I took, in cash, all of the money we had between us and stuffed it into my back pocket.  $1800 from a 401K she had closed a few months before and the $750 I had set for the rent. I went to a funeral home on Broadway – I passed it a few times before. I had no idea  - were they good or bad? But a place with a sign seemed just as reasonable in that moment as looking up a name in the phone book - option B.

The owner was a gentle man with salt and pepper hair and pale skin. Empathetic without an agenda.

"I have to bury my brother.  My mother can't be here, she can't actually talk at all.  We don't have enough money to cover it; this is all we have."

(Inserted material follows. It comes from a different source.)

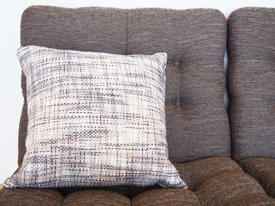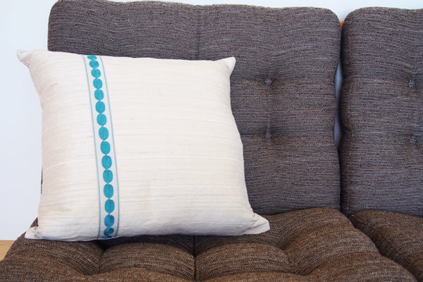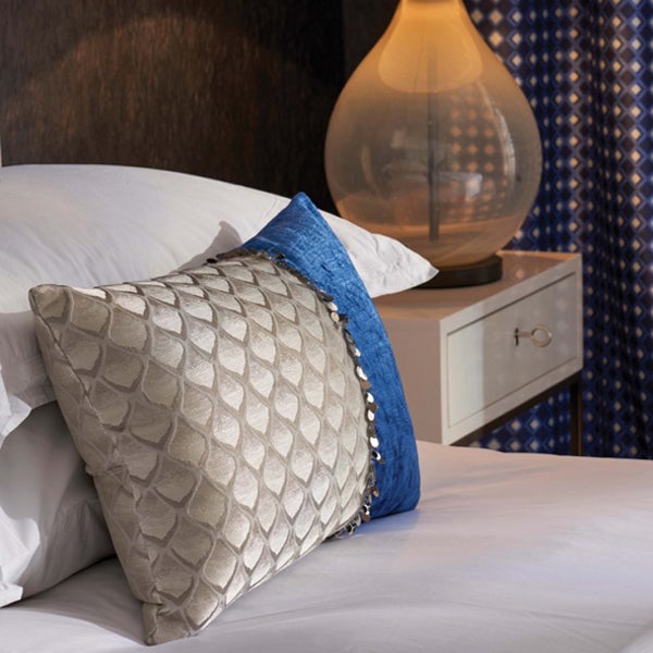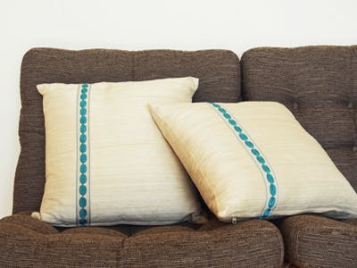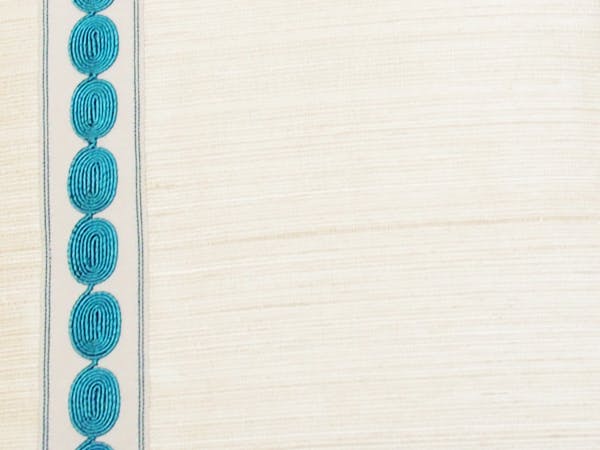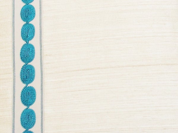 "シルク"はこの4種の生地の中で最も高級かつ最もなめらかな生地です。こちらのクッションは唯一トリム(飾り)がついていることが特徴。シルクのホワイトの生地に、トリムのライトブルーが鮮やかに映えます。このクッションは、生地はJIM THOMPSON(ジム・トンプソン)、トリムはOSBORNE & LITTLE(オズボーンアンドリトル)と、それぞれ異なるブランドのものを組み合わせて作られており、世界中のブランドと取引をしているマナトレーディングさんならではの商品といえます。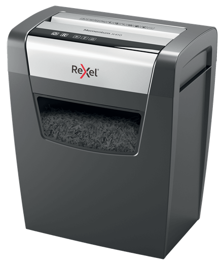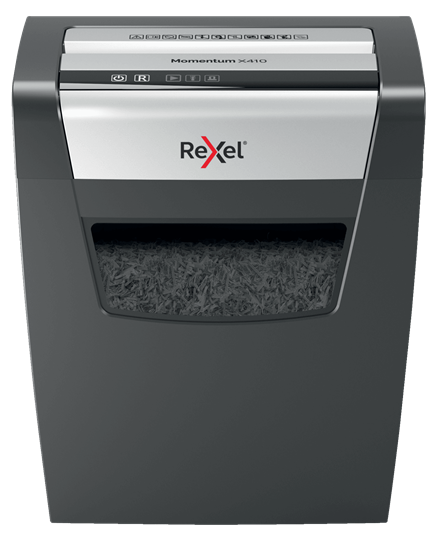 Posiada moc, aby niszczyć więcej! Niszczarka Rexel Momentum X410 niszczy do 10 kartek jednocześnie i może pracować nieprzerwanie przez 6 minut - idealnie nadaje się do użytku domowego.Model X410 wyposażony jest w technologię zapobiegania zacięciom, która gwarantuje pracę bez zbędnych przestojów.

I pulled the wad of bills out of my back pocket and dropped them on the table. They had become crumpled and damp and landed in a mess on some papers.  It occurred to me in that moment when I noticed the papers that you may be expected to call beforehand.  That showing up randomly at funeral home might not be the way one goes about such things.  It didn’t matter really, I had no capacity to pretend I knew any better or would have had the strength to do anything differently if I did.  Nor did I have it in me to negotiate with him or pretend we had means beyond the truth.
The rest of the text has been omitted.